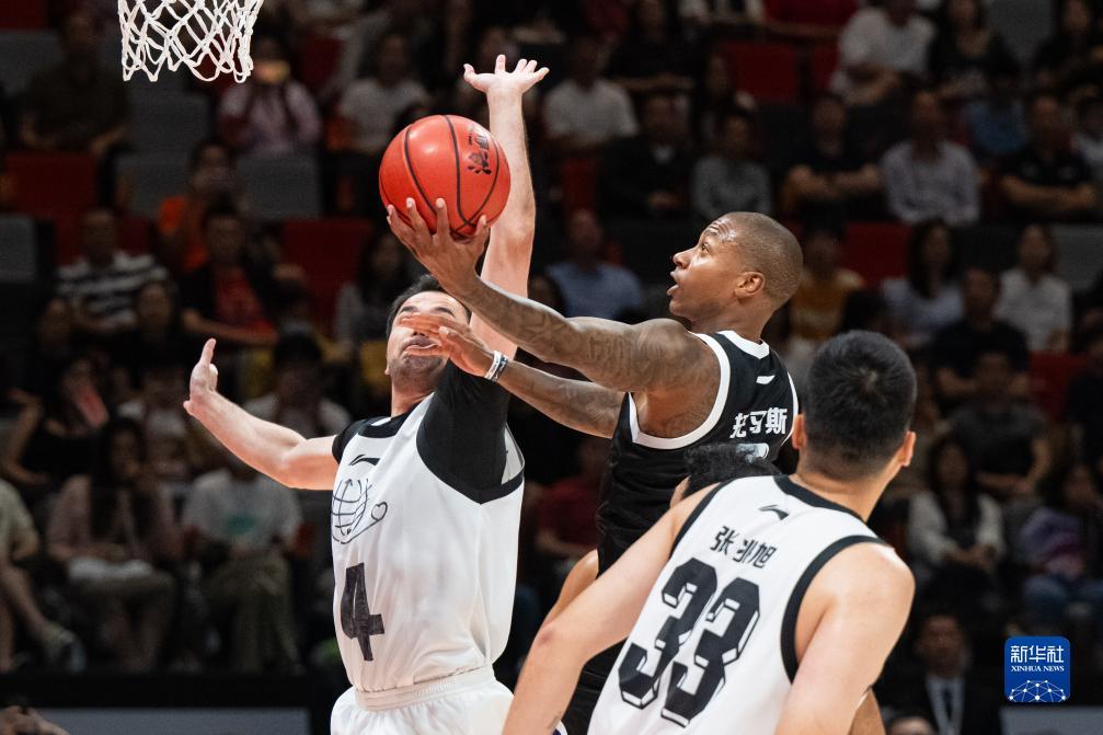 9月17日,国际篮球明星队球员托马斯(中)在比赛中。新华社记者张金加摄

☆ ☆ ☆ ☆ ☆ ☆ ☆

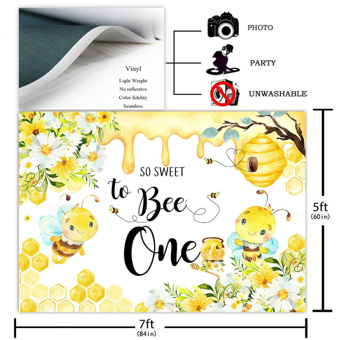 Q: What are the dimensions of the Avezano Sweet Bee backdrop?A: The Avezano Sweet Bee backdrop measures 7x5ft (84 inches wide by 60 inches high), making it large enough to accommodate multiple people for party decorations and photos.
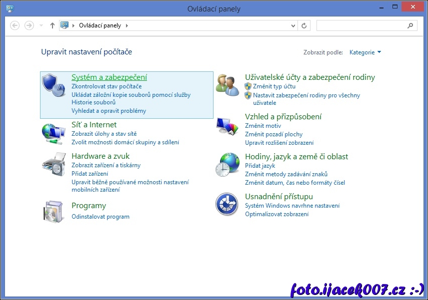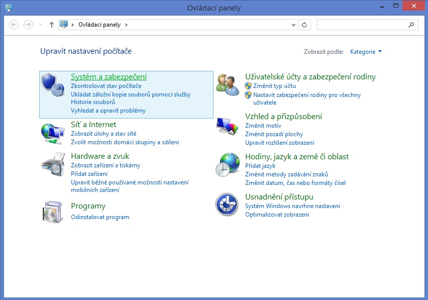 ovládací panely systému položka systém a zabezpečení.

☆ ☆ ☆ ☆ ☆ ☆ ☆

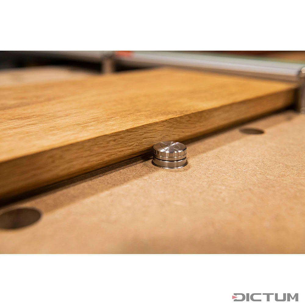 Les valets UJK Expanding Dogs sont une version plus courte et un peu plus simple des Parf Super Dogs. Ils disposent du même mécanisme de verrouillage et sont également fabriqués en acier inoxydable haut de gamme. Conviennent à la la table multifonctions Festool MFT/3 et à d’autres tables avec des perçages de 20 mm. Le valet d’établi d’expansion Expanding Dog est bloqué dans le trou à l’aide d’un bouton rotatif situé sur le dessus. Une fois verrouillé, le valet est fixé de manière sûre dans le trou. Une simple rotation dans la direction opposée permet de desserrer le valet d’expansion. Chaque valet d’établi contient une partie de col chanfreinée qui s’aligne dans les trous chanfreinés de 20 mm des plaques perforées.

☆ ☆ ☆ ☆ ☆ ☆ ☆

◆ Your task:
What's needed is an exact copy of the records above from the line containing "Q: What are" down to the line containing "ovládací panely systému", both included, without any pictures.

◆ Expected answer:
 Q: What are the dimensions of the Avezano Sweet Bee backdrop?A: The Avezano Sweet Bee backdrop measures 7x5ft (84 inches wide by 60 inches high), making it large enough to accommodate multiple people for party decorations and photos.
 ovládací panely systému položka systém a zabezpečení.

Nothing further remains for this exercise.